##### GIVEN INFORMATION

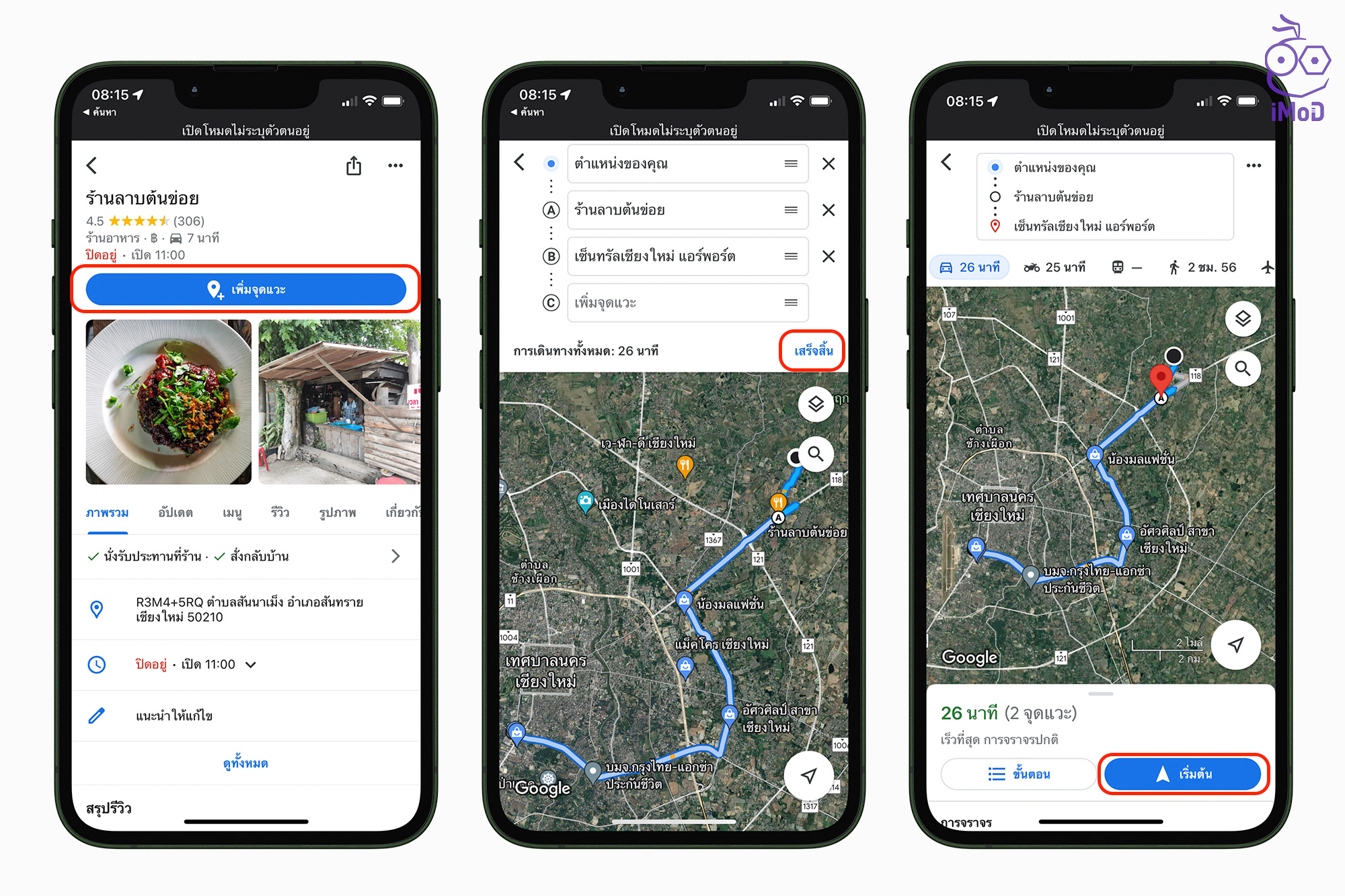 เมื่อเลือกสถานที่แวะพักได้แล้ว ให้แตะ เพิ่มจุดแวะ > แตะ เสร็จสิ้น > เมื่อเพิ่มจุดแวะเรียบร้อยแล้ว เส้นทางก็จะแสดงการนำทางไปยังจุดแวะตามลำดับที่เราตั้งค่าไว้ แตะเริ่มต้นเพื่อเริ่มนำทางได้เลย
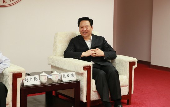 4月26日下午,全国政协副主席、九三学社中央主席、中国科5278论坛 院士韩启德考察5278论坛 ,出席由人民大学培训5278论坛 承办的九三学社“合作共事•参政履职”主题学员论坛暨九三学社2015年社员骨干培训班结业式。5278论坛 校长陈雨露会见了韩启德副主席一行。九三学社中央常务副主席、全国政协常委、副秘书长邵鸿,九三学社中央组织部部长杨玲等陪同来访。
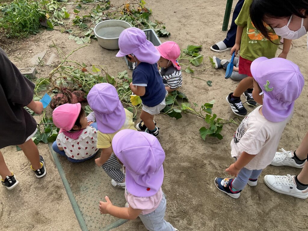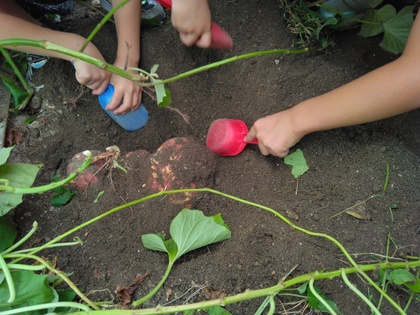 保育園では様々な野菜や果物を育てています。先週、夏前から育てていた、サツマイモを収穫しました
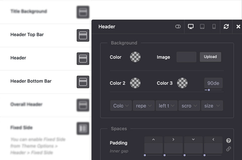 If you want to change background image or color of overall header section, you can do it with this StyleKit.
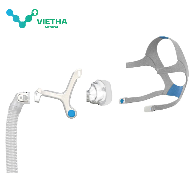 AirFit N20 ResMed có thiết kế tối giản hơn, thay vì bao quanh mũi miệng, thì mặt nạ chỉ bao quanh mũi, tạo cảm giác gọn nhẹ hơn cho khuôn mặt của người dùng.
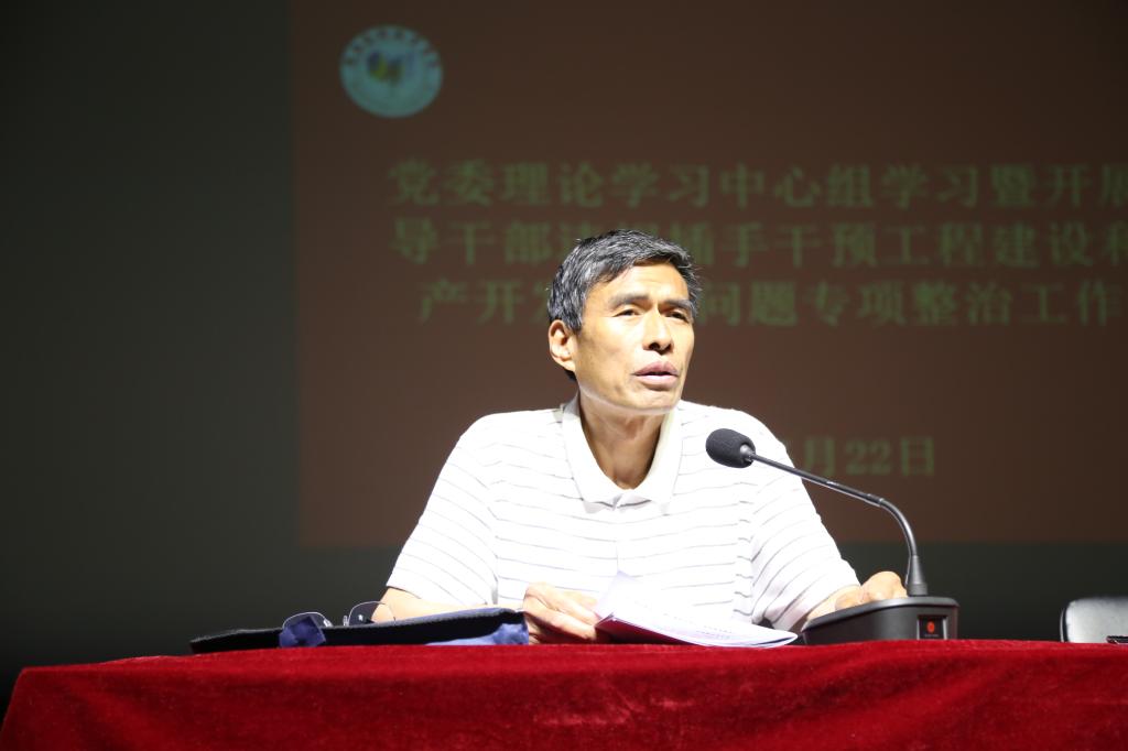 院党委书记刘正利领学《党委(党组)落实全面从严治党主体责任规定》及学院开展领导干部违规插手干预
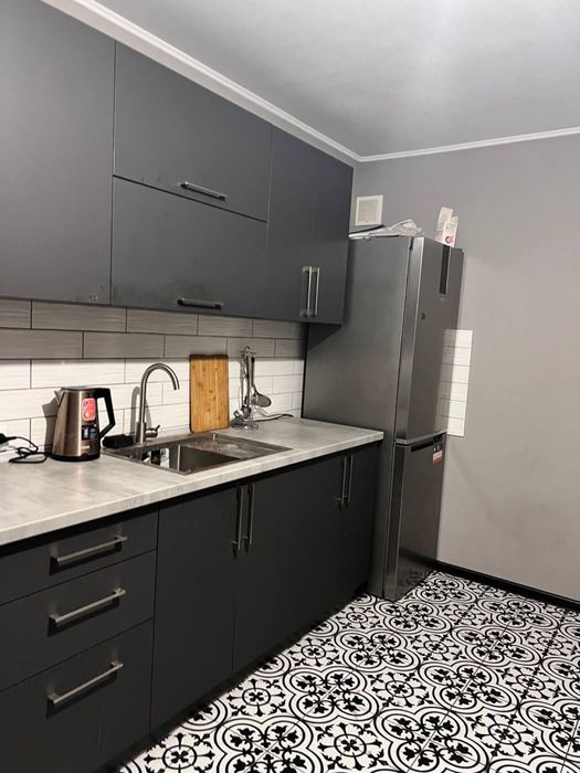 досить простора квартира, в кухні досить багато місця і багато шафок, є деякий посуд, є телевізор

##########

### TASK DIRECTIONS
Print all the lines above again exactly, without any pictures.

### RESULT OF THE TASK
 เมื่อเลือกสถานที่แวะพักได้แล้ว ให้แตะ เพิ่มจุดแวะ > แตะ เสร็จสิ้น > เมื่อเพิ่มจุดแวะเรียบร้อยแล้ว เส้นทางก็จะแสดงการนำทางไปยังจุดแวะตามลำดับที่เราตั้งค่าไว้ แตะเริ่มต้นเพื่อเริ่มนำทางได้เลย
 4月26日下午,全国政协副主席、九三学社中央主席、中国科5278论坛 院士韩启德考察5278论坛 ,出席由人民大学培训5278论坛 承办的九三学社“合作共事•参政履职”主题学员论坛暨九三学社2015年社员骨干培训班结业式。5278论坛 校长陈雨露会见了韩启德副主席一行。九三学社中央常务副主席、全国政协常委、副秘书长邵鸿,九三学社中央组织部部长杨玲等陪同来访。
 保育園では様々な野菜や果物を育てています。先週、夏前から育てていた、サツマイモを収穫しました
 If you want to change background image or color of overall header section, you can do it with this StyleKit.
 AirFit N20 ResMed có thiết kế tối giản hơn, thay vì bao quanh mũi miệng, thì mặt nạ chỉ bao quanh mũi, tạo cảm giác gọn nhẹ hơn cho khuôn mặt của người dùng.
 院党委书记刘正利领学《党委(党组)落实全面从严治党主体责任规定》及学院开展领导干部违规插手干预
 досить простора квартира, в кухні досить багато місця і багато шафок, є деякий посуд, є телевізор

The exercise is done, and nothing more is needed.